Thirty-Four: Chasing Change: A Dad’s Thoughts on New Jobs, Big Moves, and Holding Onto Home

(This one hits a little differently than some of my other posts. Fair warning.)

Life as a dad of six is a whirlwind of chaos, messes, and noise, but it’s also overflowing with love. Lately, I’ve been grappling with the idea and possibility of some really big changes: my wife’s seriously chasing a new job, one that would be far less stressful than her current one and hopefully give her the flexibility to pursue homeschooling the kids, which could lead to us moving to a slightly bigger house, which comes with the incredibly overwhelming thought of leaving this house, the house we’ve made our home for nine years. My mind’s currently spinning faster than a kid’s fidget spinner.

My wife’s potential new job feels like a big leap. It would mean growth, new opportunities, less stress, and a brighter future for our family. But it’s not just about her; it’s about all of us, six kids, her, me, each with our own routines, friends, and little worlds. A new job might mean a new house, and that’s where the weight starts to hit hardest. Moving six kids? That’s not just logistics; it’s a full-blown saga.

Imagine the packing alone, the endless boxes of Legos, toys, stuffed animals that seem to breed in the night, books (oh, the books!!!), and every manner of sports gear that could fill a room by itself (and don’t even get me started on the blankets!). Every corner of this house holds a piece of our story, and just the thought of sorting through it feels like dismantling a scrapbook of our lives.

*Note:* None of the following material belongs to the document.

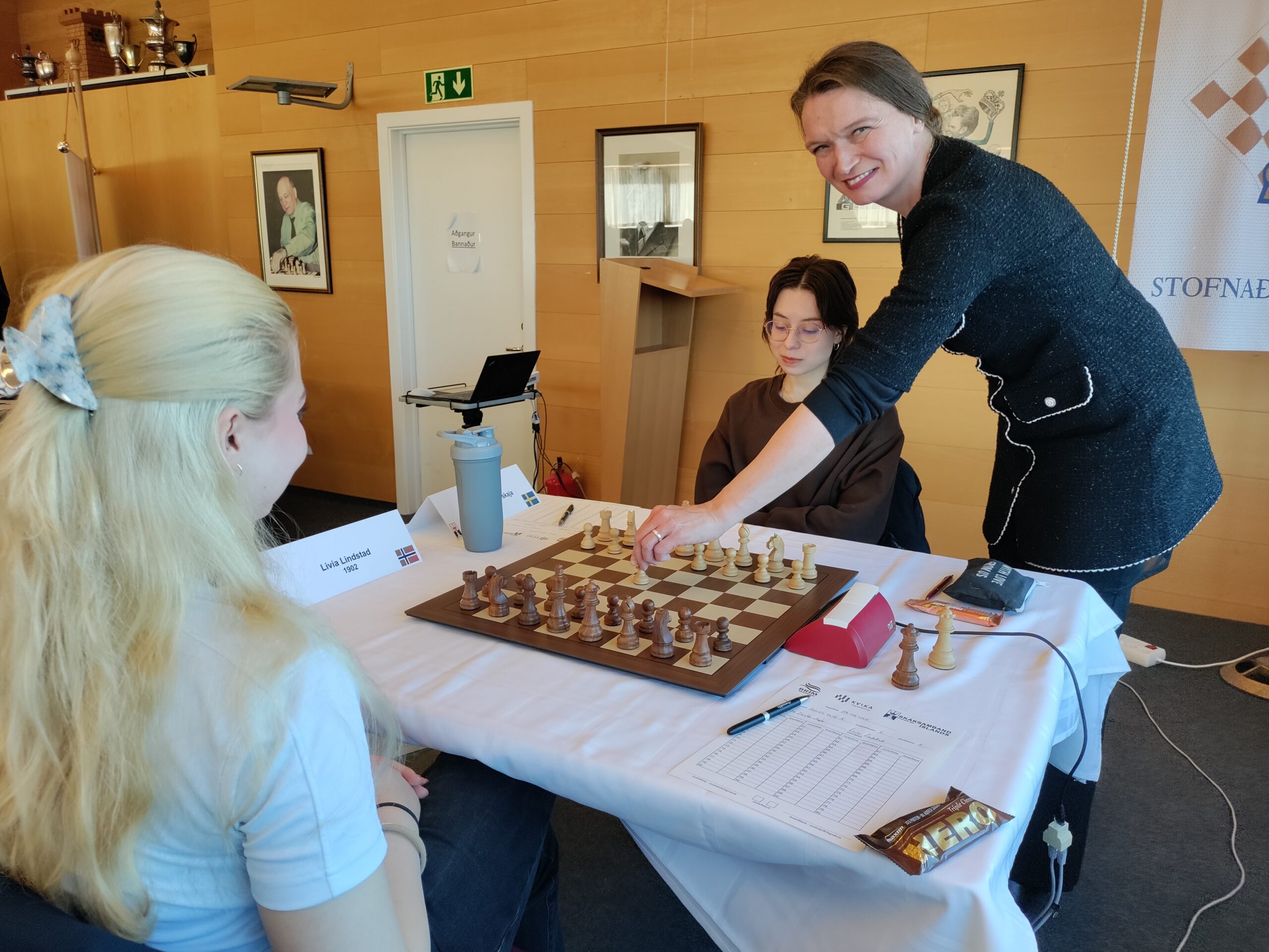 Tara Líf bjargaði jafntefli gegn Elli-Sofie eftir að hafa lent í vandræðum í byrjuninni. Tara Líf nýtti tímann sinn og færin vel og komst inn í skákina með hættulegum hótunum. Góð redding.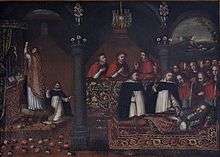 The wedding, by proxy, took place ten years later in the spring of 1490 in Seville.[7][8] On 19 November of that year, Isabella arrived in Badajoz where she was welcomed by Afonso's uncle, Manuel, the future King Manuel I of Portugal, whom she would eventually marry six years after her husband's death. Afonso and Isabella were reunited in Elvas on 22 November and, on the following day, Isabella met her mother-in-law, Queen Eleanor, in the Convento do Espinheiro in Évora, where the court had gathered to ratify the marriage that had been celebrated earlier in Seville.[9]

Then there’s the house itself. Nine years ago, we walked through the door with five fewer kids and big dreams. This place has seen it all, first steps, birthday parties, movie nights, broken lights and doors, baseball games a million, countless shows and concerts, dance recitals, homeschooling during Covid, too many meals to count cooked and shared, and on and on. The walls bear scars from tape and tacks, the backyard’s a canvas of swing sets and trampolines and trampled grass, our cul-de-sac circled millions of times on bikes and scooters, and every room inside hums with memories. Letting go of this home feels like letting go of a piece of us. It’s not just a house anymore; it’s where my kids became who they are, where we’ve all laughed, cried, and grown together.

Change is daunting, but it’s also a chance to build something new. Maybe a new house could become a home too, with fresh memories waiting to take root. Still, as I sit here, surrounded by the chaos and joy of our life, I feel anchored to this place. The kids are (almost) asleep (for now), and I’m left wondering: how do you pack up a home and carry it forward? Maybe you don’t. Maybe you just take the love and chaos with you, trusting that the next chapter will feel like home someday too. Because, as cliché as it sounds, our house isn’t just our house anymore; it’s truly our home. And home is so much more than just a house.

For now, I’m just a dad, staring down some big potential changes, hoping I’ve got the strength to support my wife and carry our six kids (and all their stuff) into whatever comes next.